8. Report findings and recommendations to improve security controls and prevent future attacks.

Recommendations:

• Restrict or audit the use of SSE-C within your AWS environment.
• Regularly review and monitor AWS key usage, ensuring least privilege and rotating keys frequently.
• Implement strong logging and monitoring capabilities for all S3 operations.
• Enable multi-factor authentication (MFA) for all AWS accounts.
• Educate employees about phishing attacks and the importance of protecting AWS credentials.
• Maintain regular backups of critical data stored in S3 buckets.
• Stay informed about emerging threats and vulnerabilities in cloud environments.

Scoring Notes

• Observables related to API calls and encryption parameters are core to the technique but can be obfuscated or manipulated by attackers.
• Changes to lifecycle policies are more specific to adversary tactics but can also occur due to legitimate reasons.
• The presence of a ransom note is a strong indicator of malicious activity but its content can vary.

Additional Notes

• This D3 diagram focuses on the specific scenario of abusing SSE-C for ransomware purposes.
• Other implementations of T1583.002 may involve different observables and robustness levels.
• It is crucial to consider the context and environment when analyzing these observables.

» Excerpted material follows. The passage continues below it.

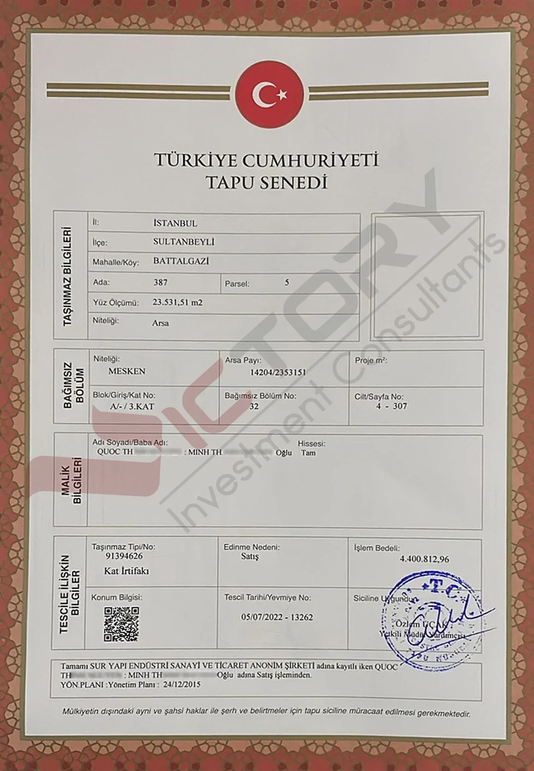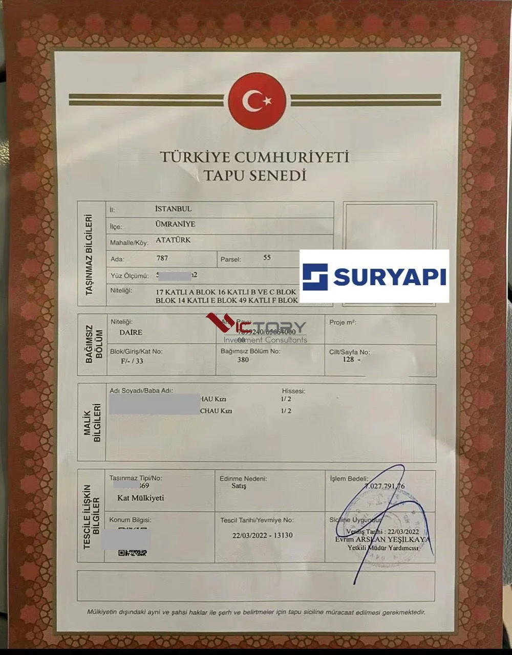 Tôi rất hài lòng với sự hỗ trợ của Victory trong quá trình tìm mua và hoàn tất thủ tục sở hữu bất động sản tại Thổ Nhĩ Kỳ. Đội ngũ tư vấn đã giúp tôi tìm được một căn hộ rất phù hợp với nhu cầu và ngân sách của gia đình. Các thủ tục pháp lý diễn ra rất suôn sẻ và nhanh chóng.

False Positive Consideration:

• Legitimate use of SSE-C by authorized users.
• Automated scripts or applications with access to S3 buckets.
• Accidental misconfigurations of S3 bucket policies or lifecycle settings.

D3 Diagram:

### D3 Diagram (Abuse of Cloud Services)

**T1583.002 - Abuse of Cloud Services: Cloud Storage Object Manipulation**

**Implementations**

1. Exploiting compromised AWS keys to encrypt S3 buckets using SSE-C.
2. Creating new IAM users with elevated privileges to access and manipulate S3 buckets.
3. Modifying S3 bucket policies to allow unauthorized access or encryption.
4. Utilizing S3 Object Lifecycle Management API to delete or modify objects.

**Observables**

|Observable|Value|Robustness Level|Rationale|
|:---|:---|:---|:---|
|API calls|`s3:GetObject`, `s3:PutObject`, `s3:PutBucketEncryption`, `s3:PutLifecycleConfiguration`|Level 2: Core to Adversary-Brought Tool or Outside Boundary|Specific to AWS API calls but can be obfuscated or mimicked|
|Encryption parameters|`x-amz-server-side-encryption-customer-algorithm`, `x-amz-server-side-encryption-customer-key`, `x-amz-server-side-encryption-customer-key-MD5`|Level 2: Core to Adversary-Brought Tool or Outside Boundary|Specific to SSE-C encryption but can be manipulated|
|Lifecycle policy changes|Unexpected changes to object expiration or deletion rules|Level 3: Specific to Adversary Tactics or Techniques|Indicates unusual behavior but can be legitimately modified|
|Ransom note presence|Unique identifier, Bitcoin address, communication instructions|Level 2: Core to Adversary-Brought Tool or Outside Boundary|Specific to the attacker's demands but can be changed|

**Scoring Notes**

* Observables related to API calls and encryption parameters are core to the technique but can be obfuscated or manipulated by attackers.
* Changes to lifecycle policies are more specific to adversary tactics but can also occur due to legitimate reasons.
* The presence of a ransom note is a strong indicator of malicious activity but its content can vary.

**Additional Notes**

* This D3 diagram focuses on the specific scenario of abusing SSE-C for ransomware purposes.
* Other implementations of T1583.002 may involve different observables and robustness levels.
* It is crucial to consider the context and environment when analyzing these observables.